Toen ik me bukte om mijn schoenen uit te doen, zag ik de foto van Alex en mij half onder het bed liggen. Ik raapte hem op, keek er eens goed naar…en schrok van de blik in mijn ogen. Dat leek akelig veel op verliefdheid! Alex zag er prachtig uit, ook al stond hij twee minuten vóór dit kiekje was gemaakt nog wild te springen op het podium. En ik kon het niet helpen dat me tevens opviel, dat ook hij er behoorlijk gelukkig uitzag.

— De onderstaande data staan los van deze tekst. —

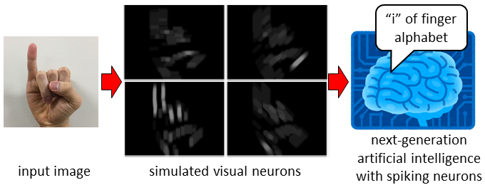 The purpose of this project is to develop a next-generation visual recognition system by combining artificial intelligence composed of spiking neurons and an algorithm inspired by cortical visual neuronal networks that respond to a particular shape and motion. This approach will lead us to achieve a small translation system of gesture, finger alphabet, and sign language.
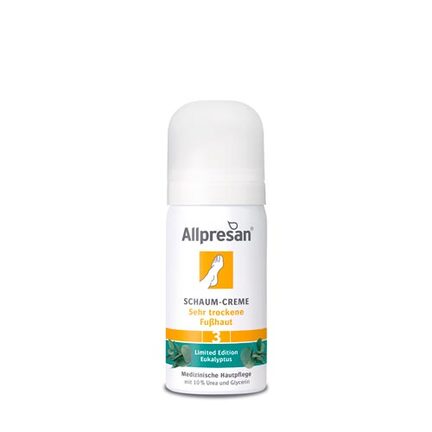 Prøv Allpresan Fodskumcreme i en helt særlig Limited Edition med eukalyptusekstrakt. Skummet giver intensiv pleje til meget tør og ru hud med 10% Carbamid, glycerin og biomimetiske lipider, som styrker hudbarrieren og reducerer hård hud.
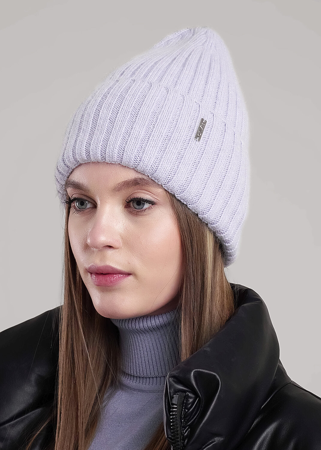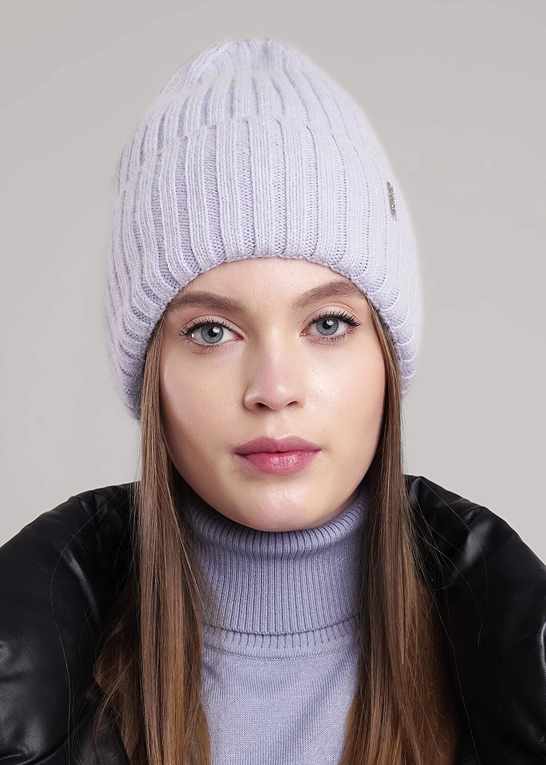 Шапка женская с отворотом, с флисовой подкладкой, декорирована стильной нашивкой. Выполнена из мягкой пряжи с добавлением ангоры, благодаря чему хорошо сохраняет тепло. Отличный выбор для холодной зимы.
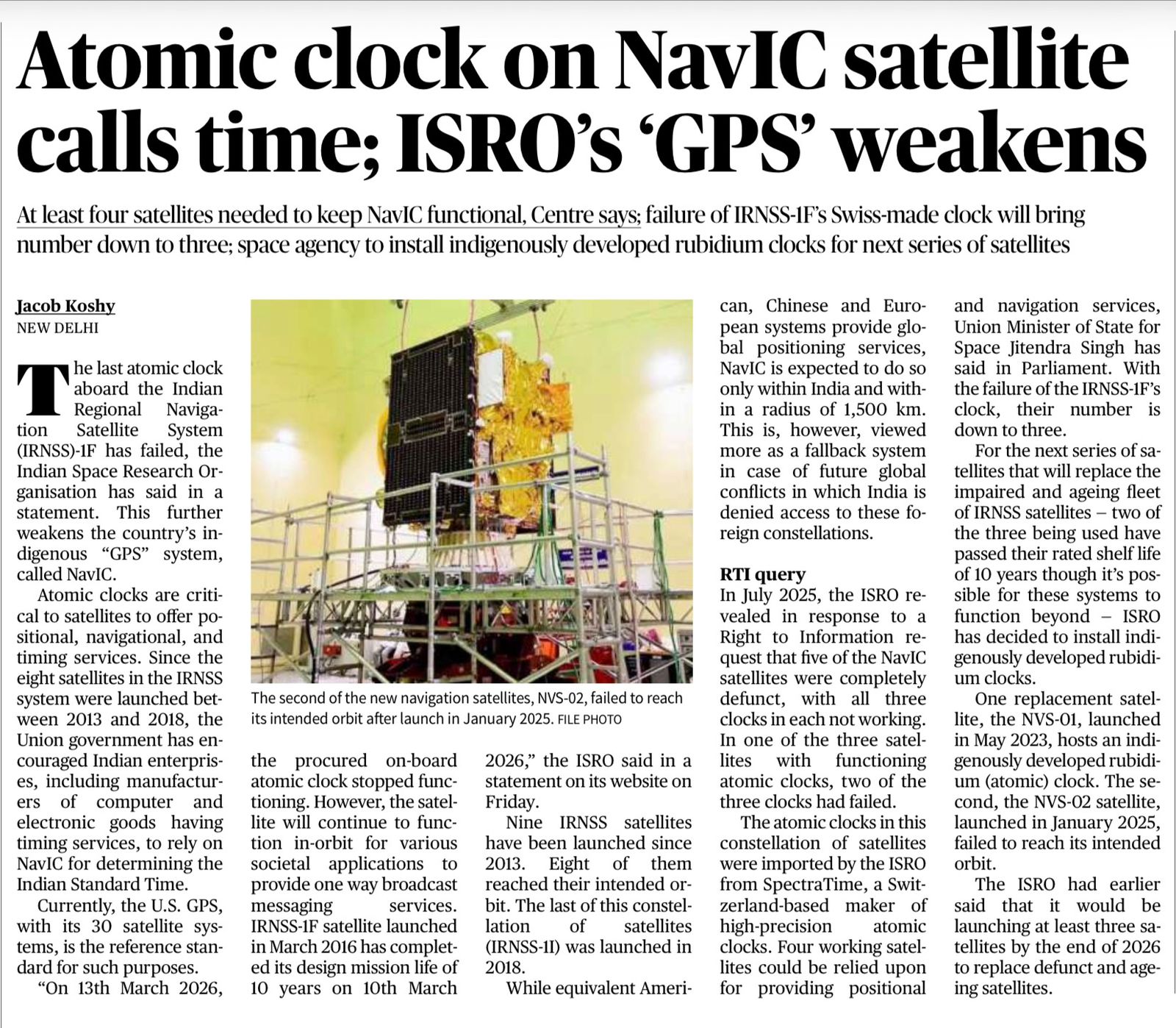Failure of an atomic clock on an IRNSS (NavIC) satellite has weakened India’s regional navigation capability; the Indian Space Research Organisation (ISRO) plans indigenous replacements for future satellites.
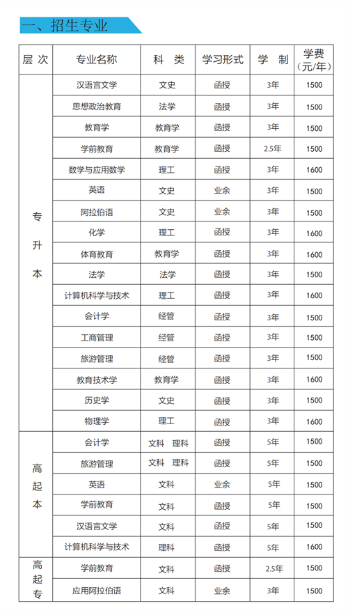 西北師范大學繼續教育學院主要從事全校高等學歷繼續教育、 高等教育自學考試和各類非學歷教育培訓工作。開設專升本、高起 本、高起專,包括學前教育、教育技術學、漢語言文學、計算機科 學與技術、工商管理等25個專業。目前,各類在校學生34000余 人,已形成了較為完善的繼續教育體系。學院主動適應國家戰略和 區域經濟社會發展需要,按照“創新發展、規范管理、提升質量、 服務社會”的指導方針,堅持“立足教育行業、聚焦重點領域、面 向重點人群,扎根西部、服務全國”的辦學定位,以不斷滿足社會 各類人員繼續教育需求為導向,以學習者職業能力提升為重點,培
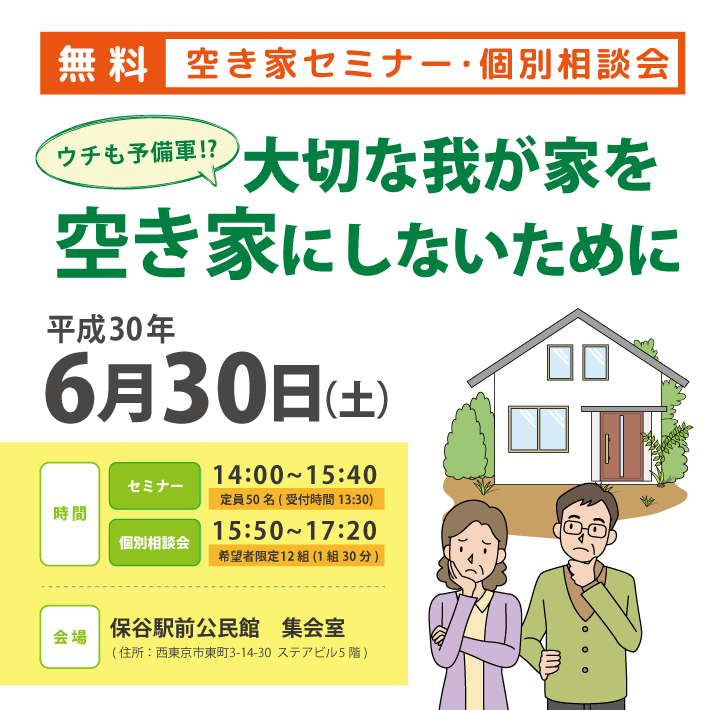 | 開催日時 | 2018年6月30日(土) ・セミナー 14:00~15:40(受付 13:30) ・個別相談会 15:50~17:20(希望者限定先着12組 ※1組30分) |
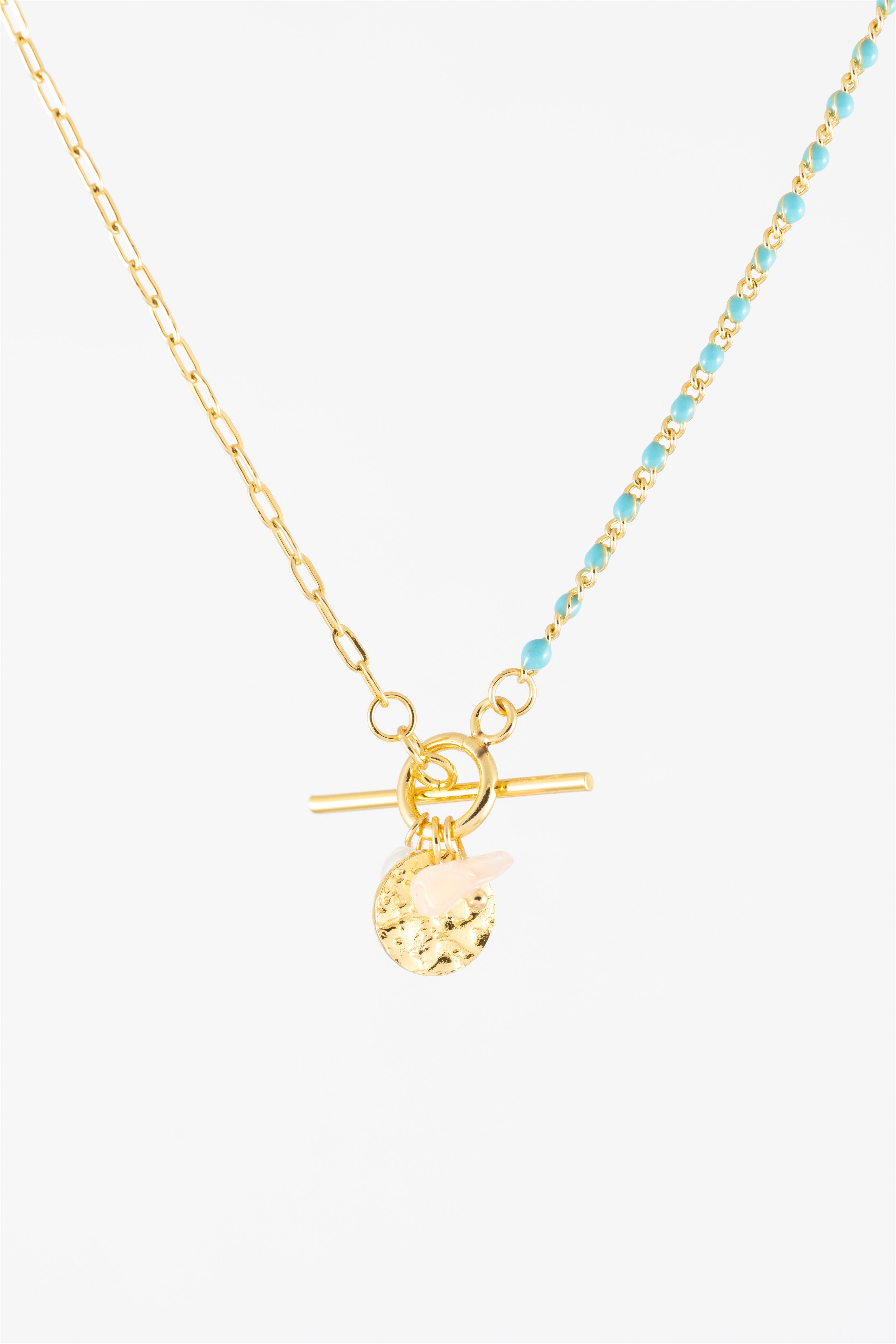 GOLD O+T ENAMEL, PEARL PENDANT NECKLACE
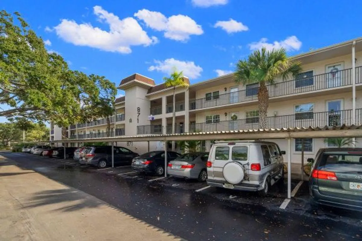 This 3rd floor 2BR/2BA unit offers several updates and is located in the sought after downtown Dunedin community of Patrician Oaks. Community sits on a beautifully landscaped Non-Flood lot with mature tropical plants & majestic trees. The spacious split bedroom plan includes: welcoming foyer, bright kitchen with pass thru, large living-dining room combo, relaxing screened porch, master suite with double closets & private full bath, den or guest bedroom with walk-in utility closet, a full hall bath, plus it comes fully furnished with linens, towels, plates, glasses, utensils, cleaning items, and more. The open plan makes this condo great for entertaining and the screened balcony is PERFECT for your morning coffee & evening glass of wine. It features the following updates, KITCHEN: re-painted cabinets, hardware, disposal, and faucet, MASTER BATHROOM: toilet, shower bench, and glass enclosed walk-in shower, DEN: Murphy bed with built-in shelving, HALL BATH: toilet, faucet, and showerhead, INTERIOR: hurricane impact double paned windows, curtains, hurricane impact sliders & shutters, efficient wood laminate flooring, 6-panel doors with hardware, dining chandelier, ceiling fans, front storm door, and bi-fold privacy doors for 2nd bedroom & bath. This Building also has newer walkways, a recently paved parking lot, plus a newer roof (2023). Building #7 is the community's best kept secret. It offers Free use of the laundry room, the most guest parking spots, and the cheapest fixed land lease fee of $25/month. Patrician Oaks is a meticulously maintained 55+ community with active clubhouse, fitness room, large heated pool & spa, shuffleboard, BBQ grills, and an in-house property manager. It is located a short walk from Historic Downtown Dunedin with its unique shops, top rated restaurants & countless activities. It's also a short drive from several shopping hubs, the Dunedin Causeway, Honeymoon Island, Westfield Mall, Quaint Ozona, Eclectic Safety Harbor, Award Winning Clearwater Beach, and the famous Sponge Docks of Tarpon Springs. Ride your bike on the Pinellas Trail, take a stroll on the Causeway or watch a waterfront sunset over the Marina, there's plenty to do in Dunedin! Other amenities include: beaches, parks, casual & fine dining, roof top bars, micro-breweries, cafes, bike riding, boating, fishing, downtown festivals, concerts, art shows, spring training baseball, championship golf, sunsets, and events at the Community & Fine Art Centers. This is a MUST SEE for buyers seeking maintenance free living with an active & vibrant lifestyle this property conveys.
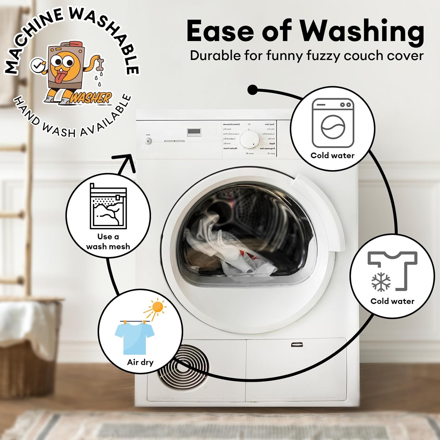 • Machine Wash for Simple Care: Make life easier with our couch cover for dogs washable, which can be easily cleaned by hand or machine. For long-lasting comfort, wash on a gentle cycle with mild detergent at a low temperature, and use a laundry bag to maintain its fluffy texture
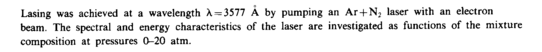 Lasing was achieved at a wavelength λ = 3577 A by pumping an Ar + N2 laser with an electron beam. The spectral and energy characteristics of the laser are investigated as functions of the mixture composition at pressures 0-20 atm.
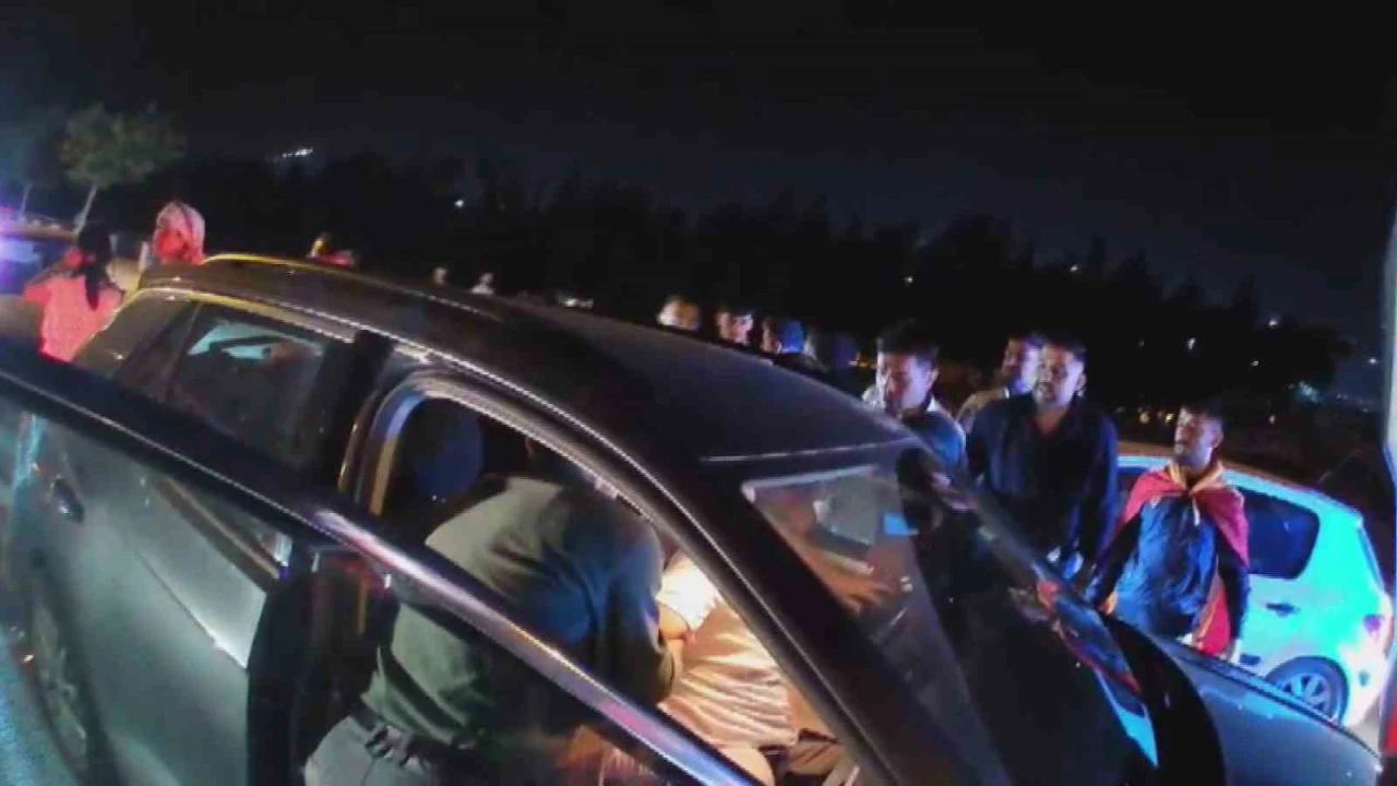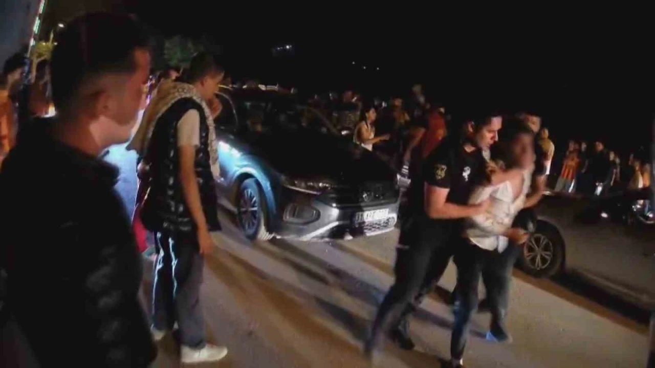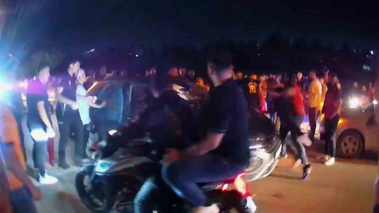 Kutlamalar esnasında bir araç sürücüsü ve taraftar grubu arasında kavga çıktı. Kavga esnasında bir kadının ‘Yardım edin’ diyerek kavgayı ayırmaya çalıştığı anlar dikkat çekerken polis ekiplerinin olay yerine gelmesiyle sakinleşen kavga an be an kameralara yansıdı.

Ik begon er al aardig moeite mee te krijgen om me Marks gezicht voor de geest te halen. Ook al woonde ik drie weken geleden nog met hem samen, ik had hem al in geen maanden meer fatsoenlijk bekeken. Maar als ik nu mijn ogen sloot, zag ik elke lok van Alex’ haar voor me; proefde ik die krankzinnig sterke koffie in zijn adem; hoorde ik hem zingen aan de andere kant van de muur; voelde ik zijn eeltige vingers op mijn huid…

Maar Alex was weg. En de Angela van die foto’s misschien ook. Als ik terugging naar Londen, zou ik Marks Angela niet meer zijn. Maar als ik in New York bleef, kon ik ook Alex’Angela niet meer zijn.

Maar ik kon wel een heel nieuw iemand worden; iemand die ik zelf ook nog niet kende.

En ik kon de trap aflopen en die melk gaan halen. Het was een begin!

‘Ik ben volkomen geschift,’ fluisterde ik tegen het raam. ‘Echt volkomen geschift.’